The budget of the film was around 65–70 million Kč (around US $4 million).

==Plot==
The film is presented as a true story set during World War II. With the German takeover of Europe under way, the deputy Reichsprotektor Reinhard Heydrich arrives in Prague and his underlings begin enforcing his authority in the towns and villages across the occupied country. In Lidice, the film's main protagonist, František Šíma, is sent to prison following a family dispute that boils over resulting in the accidental death of one of his sons. During Šíma's incarceration one of the other villagers, Václav Fiala, strings along his mistress with lies about his bravery as a resistance fighter against the Germans. Heydrich is assassinated and during the Gestapo investigation that follows, a letter Fiala has written describing his supposed heroism comes to their attention. It leads to the total destruction of Lidice and the mass execution and deportations of its citizens.
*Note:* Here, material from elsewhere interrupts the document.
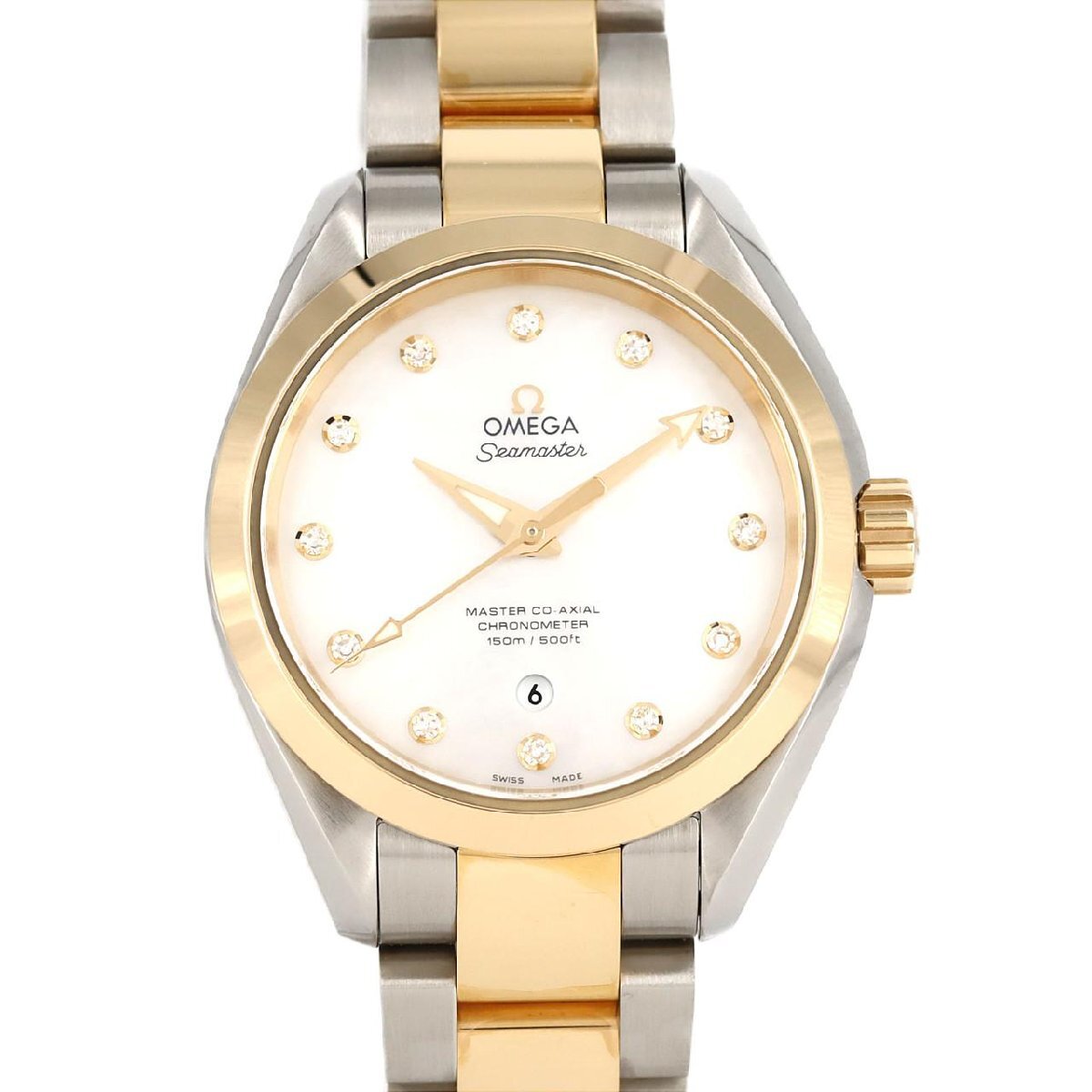 オメガのラグジュアリースポーツウォッチ「シーマスター アクアテラ 150M」。当モデル(Ref. 231.20.34.20.55.002)は、ステンレススチールと18Kイエローゴールドを組み合わせた、華やかなコンビネーション仕様のレディースウォッチです。手首に程よい34mmケースに、ホワイトマザーオブパールのダイヤルをセット。インデックスには11ポイントのダイヤモンドが輝き、3時位置に日付表示を備えています。ムーブメントには、高精度な自動巻コーアクシャルキャリバー「Cal.8520」を搭載。スポーティーさとエレガンスを兼ね備えた一本です。

Throughout the atrocity, Šíma remains in jail, where news of what happened is kept from him. On his release, he returns to Lidice, where he finds the village has been obliterated and finally learns of the tragic events.

==Production==
Filming started on 26 July 2010 at the Mladá Boleslav prison, with Karel Schwarzenberg attending the first cut. The shoot lasted 49 days and involved locations including Nové Strašecí, and a secondary school in Kladno. The scenes portraying Lidice were shot at the village of Chcebuz near Štětí.

The first promotional posters appeared at the film festival in Karlovy Vary 2010 on 8 July 2010.